Member of the Legislative Council of Western Australia
- In office 22 May 1968 – 21 May 1980
- Preceded by: Herbert Robinson
- Succeeded by: Peter Wells
- Constituency: North Metropolitan Province

Personal details
- Born: 14 August 1927 Bassendean, Western Australia
- Died: 26 April 2012 (aged 84) Kalamunda, Western Australia
- Party: Labor

= Roy Claughton =

Australian politician

Roy Frederick Claughton (14 August 1927 – 26 April 2012) was an Australian politician who served as a Labor Party member of the Legislative Council of Western Australia from 1968 to 1980, representing North Metropolitan Province.

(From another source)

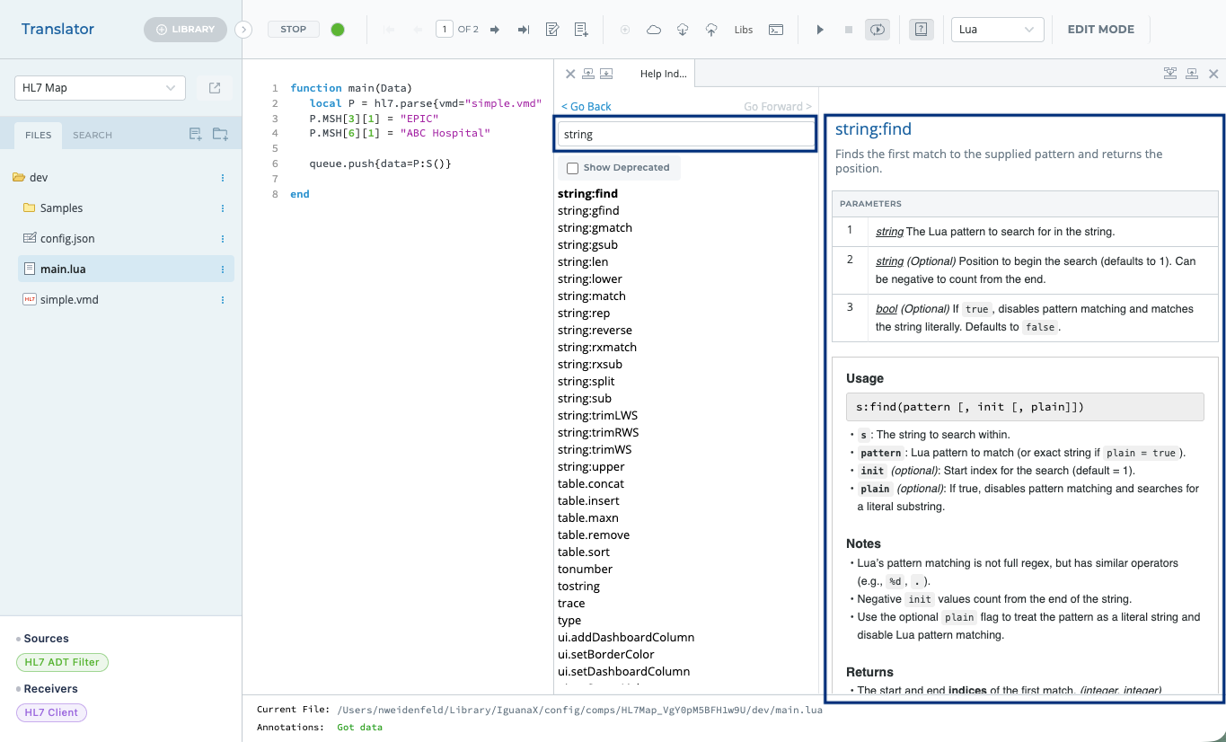 All of Iguana's APIs are documented and accessible from within the Translator. You can search through the Help Index to review:
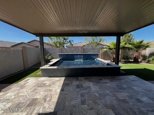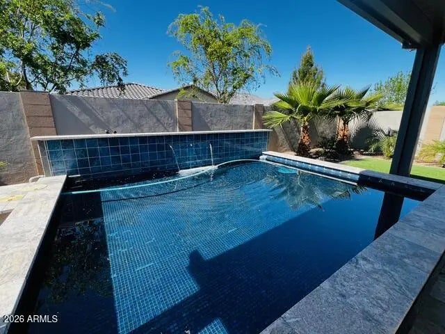 FANTASTIC home in desirable 55+ Encore at Eastmark. Many upgrades including Luxury Vinyl Plank flooring throughout, built-in counter/storage with beverage/wine fridge off garage entry, and built-in wall cabinetry in den/office and great room. Front entry iron locking gate for privacy. Versatile split bedroom floor plan with large owner's suite. Upgraded kitchen cabinets, granite countertops and spacious kitchen island. 8' interior doors, R/O and water softener. Backyard is tastefully designed with solid cover pergola, custom built-ins for grill, mini fridge and extra storage. Spool size water feature is perfect for cooling off on a warm summer day! Enjoy tranquil Arizona sunsets in low maintenance backyard with palms, artificial turf and travertine covered patio. Garage has epoxy floor, bump out area for storage with sink, and built-in cabinets. Encore has various amenities including workout facility, art classes, Proving Grounds Cafe, pickleball, tennis, bocci ball and social events year round.

Claughton was born in Perth to Mabel Alice (née Parker) and James Edward Frederick Claughton. He attended the Perth Boys School before going on to study teaching at the University of Western Australia and Claremont Teachers College. Before entering politics, he worked as a primary school teacher, both in Perth and at country schools. Claughton entered parliament at the 1968 state election, narrowly defeating Herbert Robinson (the sitting Liberal Party member) in North Metropolitan Province. He served as deputy chairman of committees in the Legislative Council from 1971 to 1974, and then as a Labor Party whip from 1974 to 1980. Claughton was re-elected to a second six-year term at the 1974 state election, but at the 1980 election was defeated by Peter Wells of the Liberal Party. After leaving parliament, he served on the board of the State Lotteries Commission from 1983 to 1986. Claughton died in April 2012, aged 84. He had married Judith Mae Devereux in 1955, with whom he had four children.